Comoquiera que fuese, a mediados del siglo XVIII nadie se planteaba si la forma de hablar sobre los negros era más o menos correcta, e incluso en el pidgin de los esclavos se alude a expresiones como «negro del campo» o «tu negro» en lugar de «tu marido». En realidad los casamientos entre esclavos tampoco eran posibles, y ceremonias que los sustituyeran como el salto de la escoba no tenían ningún significado legal. Esto se justificaba diciendo que el esclavo no era una persona mayor de edad y que por lo tanto no podía concluir un contrato nupcial. Se cuestionaba, como se ilustra en el libro, el bautismo de los esclavos. Se discutía con toda seriedad si el africano tenía o no un alma que precisara ser salvada.

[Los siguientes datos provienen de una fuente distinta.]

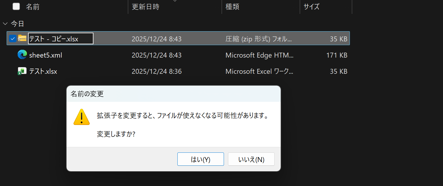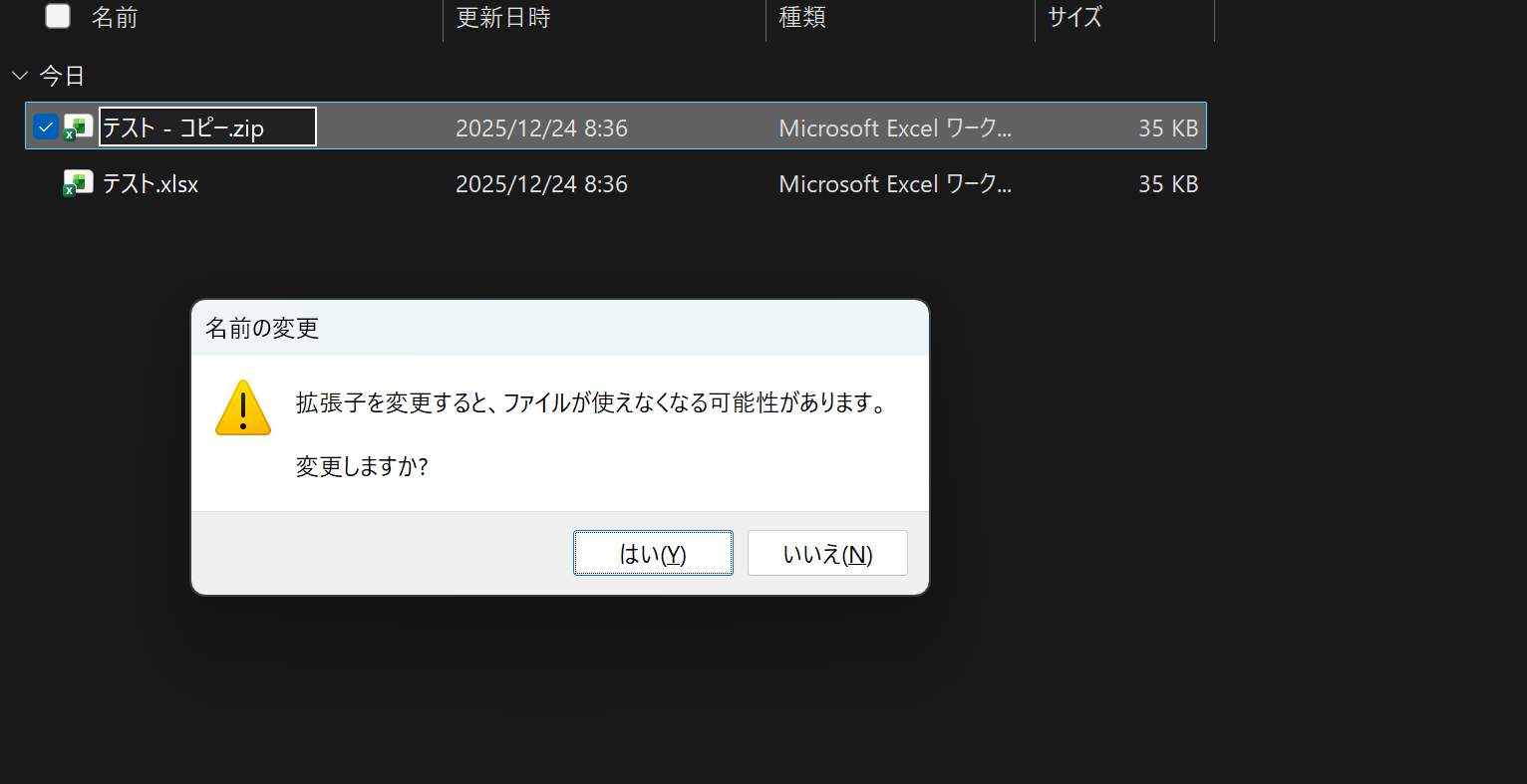 ⑥拡張子を.zipから.xlsxに戻します。確認メッセージが表示されますが、「はい」で進んで問題ありません。
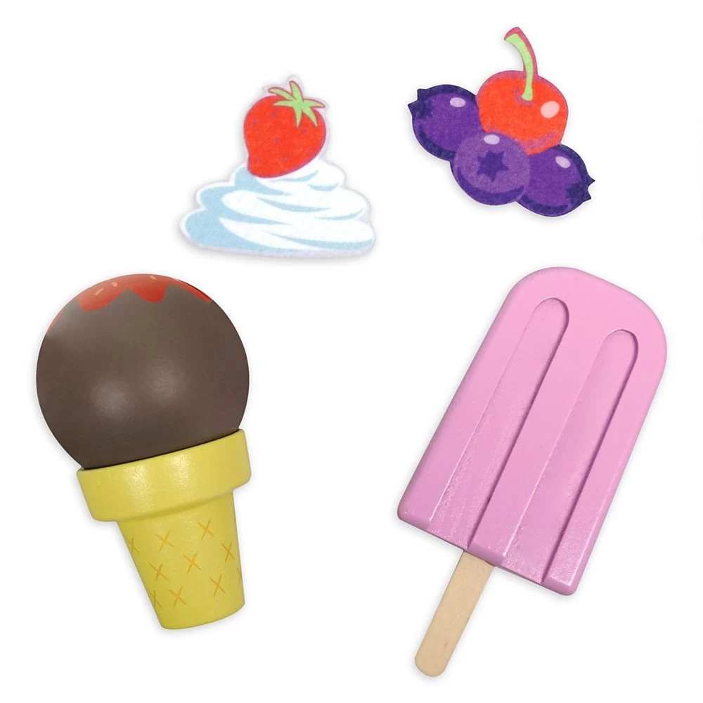 - Café items include: two ice cream scoops, two ice cream cones, two popsicles, two spoons, strawberry whip topping, cherry blueberry topping, acorn topping, lemon topping, cookie topping, peanut topping, drink box, ice cream box, two napkins, two cups, two cup sleeves, two straws, and two place mats

En este libro ha vuelto a salvarme de incurrir en errores de puntuación y de tiempos verbales mi fabulosa editora de mesa Margit von Cossart. ¡Muchas gracias por las comprobaciones y exámenes de errores lógicos! Gracias también a mi editora Melanie Blank-Schröder, que hizo posible el tema de Jamaica y quien —junto con Margit von Cossart— me advirtió de la falta de corrección política. Muchas gracias también, por supuesto, a mi agente y taumaturgo Bastian Schlück.

En esta ocasión, hay que destacar entre los lectores del texto a Linda Belago, que salvó con una idea una escena crítica. Pronto aparecerá su primera novela Landscape y yo ya estoy esperando emprender una primera lectura.

Doy también las gracias a todos los colaboradores de Bastei Lübbe que han participado en la creación y distribución de este libro. Desde el diseño de las cubiertas hasta el departamento de prensa, ¡hay tanto que hacer para que de una idea y un texto salga un libro! Doy las gracias a cada uno de los distribuidores y libreros que se encargan de que mi libro pase directamente a los lectores. Y a estos últimos: ¡espero que se diviertan tanto leyendo mis historias como yo escribiéndolas!